La Poétique du « sauvage », thèse d’Elise Müller

Elise Müller, aujourd’hui sociologue consultante (voir son LinkedIn), a présenté en février 2012 une thèse dirigée par David Le Breton, professeur à l’université de Strasbourg, sociologue et anthropologue (voir sa page wikipédia), intitulée Poétique du « sauvage », une pratique du tatouage dans le monde contemporain.

elise muller

C’est seulement au cours d’un bref passage, situé à la page 21, qu’Elise Müller mentionne le tatouage en Arctique, semblant tiré une grande partie de ces informations dans la référence bibliographique suivante : Antomarchi V., « Les tatouages inuits dans l’Arctique canadien », in La belle apparence, sous la direction de Gilles Boëtsch, David Le Breton, Nadine Pomarède, Georges Vigarello et Bernard Andrieu, Paris, CNRS Editions, 2010, pp. 70-80. Pour plus d’informations sur Valérie Antomarchi, vous pouvez consulter l’article que nous avons fait à propos d’une de ses publications ici.

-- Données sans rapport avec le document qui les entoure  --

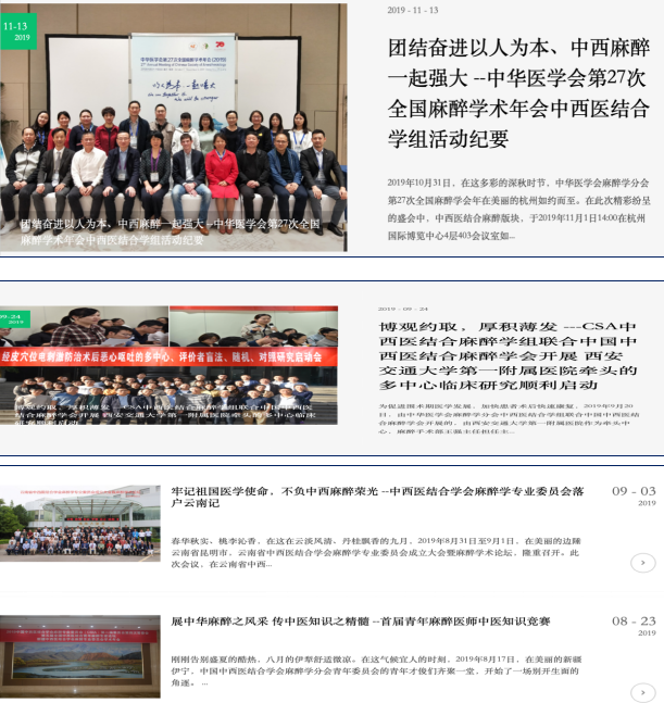 宣传和推广,也是2019年学组工作中从未忽略的工作内容的一部分。从各级会议的筹备、微信宣传,年会的板块预告,到CSA网站中西医结合学组板块的内容的发布,学组工作在一步步开展的同时,也在加强对外宣传,增进影响力。一方面,进一步宣传了中西医结合麻醉的工作内容和学术理念,另一方面,也更为祖国医学的广泛宣传,做了切实的努力和工作。
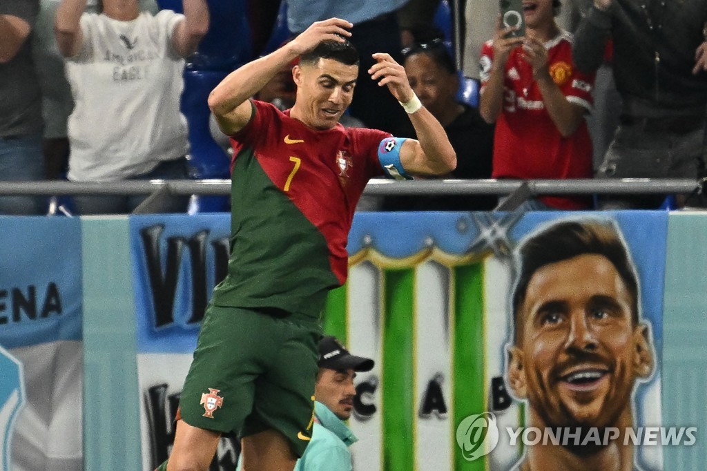 | ▲ 가나와 경기 중 메시의 얼굴 앞에서 세리머니를 펼치는 호날두 [AFP=연합뉴스] |

Si l’auteur ne parle pas vraiment des pratiques contemporaines, comme le suggérerait le titre de sa thèse et alors qu’elle les évoque pour d’autres types de tatouages, elle explique cependant, comme nous l’avons déjà vu, que le tatouage inuit était l’un des rites pratiqués par les chamans, pour ses vertus curatives et protectrices envers les esprits maléfiques et les âmes des animaux tués à la chasse. Pour « amadouer » ces esprits d’animaux et donc pour faciliter la chasse, les femmes et les filles de pêcheurs arboraient des talismans tatoués.

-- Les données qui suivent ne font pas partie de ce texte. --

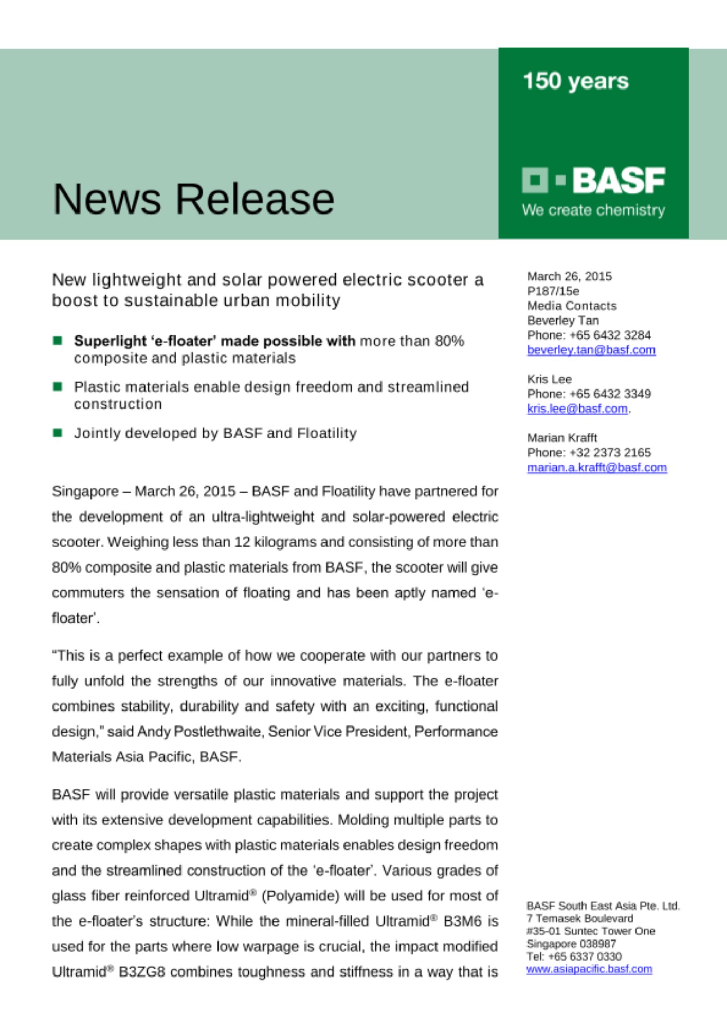 “This is a perfect example of how we cooperate with our partners to fully unfold the strengths of our innovative materials. The e-floater combines stability, durability and safety with an exciting, functional design,” said Andy Postlethwaite, Senior Vice President, Performance Materials Asia Pacific, BASF.
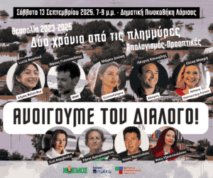 Δύο χρόνια μετά τις καταστροφικές πλημμύρες Daniel και Elias, o Κόσμος-Πράσινη Συμφωνία και η Κοινωνική Αυτοδιοικητική Παρέμβαση διοργανώνουμε εκδήλωσή μας, στη Δημοτική Πινακοθήκη Λάρισας το Σάββατο 13 Σεπτεμβρίου 2025 στις 7μ.μ.

Mais l’article d’Elise Müller nous apprend également que « comme dans de nombreux autres endroits du globe, les femmes non tatouées étaient moquées » (ce qui montre l’importance sociale du tatouage !) et que c’est la christianisation (et donc la colonisation) de l’Arctique qui a eut pour effet de « faire disparaître en grande partie la pratique ».
Ce sont désormais des types de tatouages plus occidentaux qui sont portés par les jeunes, même si « une minorité d’entre eux manifeste cependant aujourd’hui le désir de renouer avec leur identité inuit et les pratiques qui lui sont propres, dont le tatouage traditionnel. » (Ce qui est par exemple le cas d’Alethea Arnaquq-Baril.)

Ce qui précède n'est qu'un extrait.